- President Donald Trump has emerged from a year on the brink of nuclear war with North Korea with a prospective peace deal.
- China and Japan appear to be struggling to keep up with the progress and promises being made in the Koreas.
- But North Korea's progress has been all talk up to now, and nobody can honestly say whether they're sincere.
- Having announced an end to testing nuclear devices and ballistic missiles, North Korea can now pursue a different kind of relationship with the outside world.
- If it happens on Trump's watch, it will likely count as a big win.
President Donald Trump has emerged from a year on the brink of nuclear war with North Korea with a prospective, unprecedented meeting with its leader Kim Jong Un on the books, renewed hopes of peace, and Nobel Peace Prize buzz.
Put bluntly, the reversal in North Korea's attitude towards the US represents one of the most stunning turns in politics since Trump scored a tremendous upset to win the 2016 presidential election.
So far, North Korea has repeatedly promised it will denuclearize, and has invited the US and South Korea to observe part of that promise. North Korea hasn't asked for the US to do anything in exchange besides agree not to invade them.
When a Trump administration official called for US detainees in North Korea to be released as a sign of Pyongyang's sincerity, days later reports emerged that Kim had allowed just that.
All of these developments are so far only talk and plans. But they represent big wins for Trump's stated aims: peace and denuclearization.
South Korean President Moon Jae-in has credited Trump with creating the atmosphere necessary for an inter-Korean summit. North Korea expert John Delury wrote at 38 North that this has "put diplomacy on the Korean Peninsula off to a very good start."
Heads are starting to spin
A snap meeting between Chinese President Xi Jinping and Kim just weeks after Trump accepted an offer to meet with Kim indicates that China may be struggling to insert itself into a dialogue that seems to put US concerns first.
China wants the US military out of South Korea. The presence of nearly 30,000 US troops near its borders troubles China, which feels the US is trying to contain it.
The US's missile defenses in South Korea also have radars that can see deep into Chinese territory, and which China fears could hobble it in a nuclear war with the US, thereby making it an existential threat.
But neither North Korea nor South Korea has pushed for the US to leave the Korean Peninsula. In fact, if North Korea seriously goes through with verifiable denuclearization, a US or UN military presence could creep even closer to China above the 38th parallel.
Japan is also scrambling to set up a meeting with Kim, thought thus far it has been denied.

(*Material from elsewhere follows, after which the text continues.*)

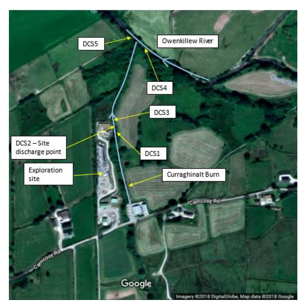
Figure 1: Site map (Google Maps) showing discharge consent sample locations

All surface water samples are collected according to protocols described in the DGL Surface Water Sampling Procedure<sup>1</sup>. To help ensure quality results, care is taken not to disturb stream bed sediments upstream of the sampling point and prior to sampling. Samples are collected at all locations by a DGL Field Technician wearing a fresh pair of nitrile gloves and from the flowing stream of water to minimise any risks of contamination. All sample bottles are laboratory supplied and are filled to capacity at source.

Instead, Japan will meet with South Korea and China to lobby them to insert their interests into the negotiations as the Koreas speed on without them.
A word of warning
Trump's North Korea policy is going pretty well, so far. But North Korea has made many of the exact promises it has made in previous negotiations, only to back out again and double down on its nuclear ambitions.
All of the progress made so far on peace in the Koreas has been talk, occurring at a rapid pace. There's laughter, hand-holding, and promises by the plenty, but not a single screw loosened on a weapon of mass destruction.
Trump sailed through the niceties, but has not yet hit the concrete work of denuclearizing, which experts nearly unanimously think will be very difficult.
In fact, Jeffrey Lewis, the go-to expert on North Korea for CNN, The New York Times, and often Business Insider, recently wrote an article in Foreign Policy called "Optimism About Korea Will Kill Us All."
In the piece he argues that expectations have been set too high for the Trump-Kim summit, and could eventually lead to disappointment, and then a war in which we all die.
But both Moon and US Secretary of State Mike Pompeo continue to affirm Kim's commitment to denuclearization, likely knowing fully the risks that shattered expectations would bring.
Reason for hope, not hype
North Korea recently announced that it's done with its nuclear weapons program. After successfully testing an intercontinental-range ballistic missile and what experts describe as a thermonuclear bomb, it has called for an end to testing.
Nuclear and ICBM tests prompted many of the recent, heavy sanctions placed on North Korea. The tests served as a major irritant in the US, South Korea, Japan, and even China's relationship with Pyongyang.
Now that North Korea has credibly built nuclear missiles that it and much of the world can confidently say will work enough of the time to matter, it doesn't have to do tests any more.
Having ditched its most annoying habit — nuclear detonations and missile launches — North Korea can now pursue a different relationship with its neighbors and former foes, who will no longer have to respond to shocking media stories about the scary, defiant launches.
Even if North Korea only stops testing and maintains some residual, secretive nuclear capability while talking to and pursuing peace with the outside world, that's a big win for Trump's presidency, as he would have secured a unique and positive result from his unorthodox approach to the conflict.
North Korea's peace push and promises have by no means eliminated the possibility of nuclear war on the peninsula, but then again, nothing can ever guarantee that war in Korea definitely won't happen.
But under Trump's watch, Pyongyang has moved to delay war, and in a world where war is always possible, delays might be as good as it gets.